And when you unpack it, I think that was really insightful, was a technical insight. I mean, it’s…in the moment, we didn’t really understand why this mattered so much but in hindsight, it became actually pretty obvious for our product. Well, let’s take us back. Web frameworks do a lot, right? They do a lot of heavy lifting for modern application development, and identity, like many other parts of an application or just a really big part of most apps, and a lot of the frameworks have some notion of a user object. What was happening, and we didn’t really have empathy for this until like Randall forced us to, was that developers, you had to be really motivated and really good to monkey patch in our notion of a user into whatever web framework you were using and try and line up their user object or their user context with what was happening in our service. And like the big secret to the web framework integrations was that we ended up just rewiring that in for you.

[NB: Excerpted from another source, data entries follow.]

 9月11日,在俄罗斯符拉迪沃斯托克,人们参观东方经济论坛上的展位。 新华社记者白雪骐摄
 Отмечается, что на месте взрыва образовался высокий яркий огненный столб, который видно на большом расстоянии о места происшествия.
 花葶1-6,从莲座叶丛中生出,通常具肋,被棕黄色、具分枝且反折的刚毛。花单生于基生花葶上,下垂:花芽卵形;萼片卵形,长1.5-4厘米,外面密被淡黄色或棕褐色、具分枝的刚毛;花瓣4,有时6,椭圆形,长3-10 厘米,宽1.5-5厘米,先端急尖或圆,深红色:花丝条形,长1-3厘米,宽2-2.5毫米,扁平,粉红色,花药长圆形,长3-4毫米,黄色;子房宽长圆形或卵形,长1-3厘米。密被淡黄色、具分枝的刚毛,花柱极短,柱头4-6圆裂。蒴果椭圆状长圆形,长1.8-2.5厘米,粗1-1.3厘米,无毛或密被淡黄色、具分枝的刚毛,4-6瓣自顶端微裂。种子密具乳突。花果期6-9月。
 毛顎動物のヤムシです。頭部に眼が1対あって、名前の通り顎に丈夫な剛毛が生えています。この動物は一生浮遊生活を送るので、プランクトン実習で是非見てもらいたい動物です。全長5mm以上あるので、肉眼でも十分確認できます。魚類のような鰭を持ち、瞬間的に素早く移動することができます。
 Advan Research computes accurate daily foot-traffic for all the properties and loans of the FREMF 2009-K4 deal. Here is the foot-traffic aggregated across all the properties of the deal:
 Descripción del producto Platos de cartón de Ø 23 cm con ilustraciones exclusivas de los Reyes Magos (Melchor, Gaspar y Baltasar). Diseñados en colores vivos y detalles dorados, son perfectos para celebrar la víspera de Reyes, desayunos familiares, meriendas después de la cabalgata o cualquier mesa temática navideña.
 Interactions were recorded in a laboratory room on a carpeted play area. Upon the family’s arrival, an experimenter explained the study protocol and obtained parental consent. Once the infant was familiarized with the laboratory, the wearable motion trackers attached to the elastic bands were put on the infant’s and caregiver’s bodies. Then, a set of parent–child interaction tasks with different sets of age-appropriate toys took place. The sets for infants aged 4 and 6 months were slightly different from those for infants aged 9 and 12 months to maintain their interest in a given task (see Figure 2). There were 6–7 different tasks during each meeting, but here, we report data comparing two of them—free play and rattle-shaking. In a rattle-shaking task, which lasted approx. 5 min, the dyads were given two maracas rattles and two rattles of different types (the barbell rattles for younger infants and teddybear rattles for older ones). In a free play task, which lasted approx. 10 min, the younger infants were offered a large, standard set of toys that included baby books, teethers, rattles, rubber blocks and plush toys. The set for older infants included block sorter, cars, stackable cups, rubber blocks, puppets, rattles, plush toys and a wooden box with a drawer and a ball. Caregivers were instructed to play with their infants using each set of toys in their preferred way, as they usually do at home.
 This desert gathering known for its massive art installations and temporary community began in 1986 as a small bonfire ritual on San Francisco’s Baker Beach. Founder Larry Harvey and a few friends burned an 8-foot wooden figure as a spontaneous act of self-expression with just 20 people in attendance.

And what all that means in English is that for a developer who has no idea what identity even means and just wants a login screen, they could do PIP install, Stormpath Flask and inside of five minutes, have a fully functioning login screen with full-blown account recovery and it all just magically worked and it was production ready. And all they had to do if they wanted to was, you know, change some functionality here and there, change some logos, some colours and they had it all working. And the reason we tell that story, and the reason you had this conversation was that this is a really powerful example of what developer experience and developer relations can be, right? You know, the lesson we learned is, unfortunately, a lesson that a lot of organizations who are committed to going to market with developers, it’s a lesson they oftentimes don’t learn, and which is your dev ex and your dev rel teams are more than just how you push your product out. It’s more than just, you know, generating a bunch of content, going to a bunch of events, you know, writing nice documentation. If it’s done well, it also needs to be a feedback loop back to the product organization. Like the product teams need to be able…need to be listening and that’s the hard part, you get the partners to listen to the developer advocates and developer experience people to make sure that they’re funneling all that feedback into feature requirements and prioritizing it which is a really hard part too.

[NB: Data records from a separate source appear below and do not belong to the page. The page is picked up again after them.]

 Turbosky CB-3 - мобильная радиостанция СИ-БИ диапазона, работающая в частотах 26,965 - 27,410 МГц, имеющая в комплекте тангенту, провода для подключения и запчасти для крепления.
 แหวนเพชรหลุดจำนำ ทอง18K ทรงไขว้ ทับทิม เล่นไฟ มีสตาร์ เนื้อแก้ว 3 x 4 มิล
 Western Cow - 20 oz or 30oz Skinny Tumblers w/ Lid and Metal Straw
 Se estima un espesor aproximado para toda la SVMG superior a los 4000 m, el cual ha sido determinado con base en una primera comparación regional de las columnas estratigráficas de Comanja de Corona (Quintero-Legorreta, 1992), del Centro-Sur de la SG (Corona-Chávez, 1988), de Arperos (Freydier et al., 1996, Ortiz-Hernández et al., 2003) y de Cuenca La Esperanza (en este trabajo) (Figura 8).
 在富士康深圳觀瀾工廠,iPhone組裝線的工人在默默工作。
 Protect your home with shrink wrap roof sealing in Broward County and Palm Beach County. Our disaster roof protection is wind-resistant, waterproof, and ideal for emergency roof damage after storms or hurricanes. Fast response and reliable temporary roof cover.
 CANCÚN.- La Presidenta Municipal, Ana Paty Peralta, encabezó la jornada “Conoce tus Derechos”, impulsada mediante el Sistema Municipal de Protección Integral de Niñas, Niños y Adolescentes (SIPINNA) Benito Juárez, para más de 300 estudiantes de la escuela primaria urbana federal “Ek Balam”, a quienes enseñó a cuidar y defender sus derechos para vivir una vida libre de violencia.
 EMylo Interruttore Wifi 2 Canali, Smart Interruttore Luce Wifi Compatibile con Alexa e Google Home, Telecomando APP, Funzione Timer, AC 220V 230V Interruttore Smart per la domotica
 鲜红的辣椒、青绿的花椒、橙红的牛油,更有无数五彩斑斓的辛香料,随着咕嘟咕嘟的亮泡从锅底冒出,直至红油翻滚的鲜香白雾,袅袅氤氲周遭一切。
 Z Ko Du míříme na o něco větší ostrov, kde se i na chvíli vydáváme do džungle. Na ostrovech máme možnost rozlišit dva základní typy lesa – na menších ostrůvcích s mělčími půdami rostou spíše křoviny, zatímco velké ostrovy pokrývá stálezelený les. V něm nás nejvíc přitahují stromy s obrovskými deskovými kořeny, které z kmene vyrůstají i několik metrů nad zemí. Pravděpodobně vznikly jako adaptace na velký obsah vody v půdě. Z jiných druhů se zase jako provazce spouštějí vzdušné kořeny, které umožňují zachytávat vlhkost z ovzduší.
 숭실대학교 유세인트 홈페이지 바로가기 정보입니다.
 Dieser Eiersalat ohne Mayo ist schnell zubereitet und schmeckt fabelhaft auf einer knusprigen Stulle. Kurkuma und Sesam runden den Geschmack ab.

We might all agree that, you know, this could be done or should be done but finding a way of prioritizing it against all the other requirements you have from all your other types of users is a big challenge, and so that’s something that we culturally had to institute in our company and it ultimately became the heart of our business and our culture for the years after that. And even now into our acquisition and new life in Okta, it’s probably one of the biggest things that we’ve brought over into Okta.
Tamao: A slight bookmark, speaking of events, because part of the story was Randall’s shut up and meet up with 10 shirts with his new little thing and that was also, I thought, just very growth hacky and I thought, you know, sometimes I, you know, forget about the quick ways that you can get some wins. Did he tell you about that story?

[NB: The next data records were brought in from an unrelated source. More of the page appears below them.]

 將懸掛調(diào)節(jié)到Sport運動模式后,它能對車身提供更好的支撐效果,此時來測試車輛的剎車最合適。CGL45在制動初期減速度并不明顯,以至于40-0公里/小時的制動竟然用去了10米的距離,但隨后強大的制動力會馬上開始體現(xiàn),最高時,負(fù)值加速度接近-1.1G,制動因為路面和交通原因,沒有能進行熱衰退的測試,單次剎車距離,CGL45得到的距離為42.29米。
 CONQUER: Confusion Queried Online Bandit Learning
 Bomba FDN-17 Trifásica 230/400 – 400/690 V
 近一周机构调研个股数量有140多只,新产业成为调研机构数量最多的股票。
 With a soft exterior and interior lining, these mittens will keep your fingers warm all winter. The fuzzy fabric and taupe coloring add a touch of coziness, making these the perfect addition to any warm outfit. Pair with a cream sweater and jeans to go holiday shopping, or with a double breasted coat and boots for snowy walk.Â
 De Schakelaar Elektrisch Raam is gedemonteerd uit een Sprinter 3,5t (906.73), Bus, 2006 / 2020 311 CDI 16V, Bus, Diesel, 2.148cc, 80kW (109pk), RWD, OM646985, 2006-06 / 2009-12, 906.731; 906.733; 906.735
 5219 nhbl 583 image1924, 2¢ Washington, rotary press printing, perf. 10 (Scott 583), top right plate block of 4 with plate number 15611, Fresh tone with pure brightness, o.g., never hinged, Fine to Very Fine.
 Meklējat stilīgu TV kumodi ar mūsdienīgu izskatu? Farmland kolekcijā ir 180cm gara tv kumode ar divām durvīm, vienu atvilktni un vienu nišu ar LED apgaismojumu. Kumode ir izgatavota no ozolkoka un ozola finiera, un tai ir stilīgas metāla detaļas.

Alex: So Randall is very much a guerrilla marketer and so especially when we were early on, we had, you know, we were like 12 people, we had no money and we were having to break into a lot of events and, you know, we didn’t have a big brand either. You know, when you’re 12 people, no one’s heard of your developer brand before. You know, by the time we ultimately sold, people knew who Stormpath was but at the time, nobody knew who we were. So Randall had to go break into events, get speaking slots. Luckily, he has a following so speaking slots weren’t the hardest thing for him, but other times he couldn’t sponsor and so he would just show up with shirts and guerrilla and just be effectively be like the unofficial sponsor of the event, he would give shirts out. And then the cool thing that he would do, and this is for people who do developer relations, I think this is one of the things we actually were able to get value out of meetups, it’s hard to get value out of meetups because oftentimes, you’re either speaking or you’re not, and one of the things that Randall was great at was making sure he was grabbing people between sessions, offering them shirts and then dragging them into a computer and giving them a demo, not to sell them on the product but to get their feedback on the product. And that ultimately became a big…of one of our kinda big ways we did events, is making sure we were forcibly engaging people even if we had to jump on them.
Tamao: Part of what he shared with me was…I think it was with the Flask integration but when you guys were still not knowing that he’d gone guerrilla and done this, that he had found a meet up really quickly, gone with 10 t-shirts and said, “I’ll give you a shirt if you test this out and give me feedback.”
Alex: Oh, he didn’t tell me that.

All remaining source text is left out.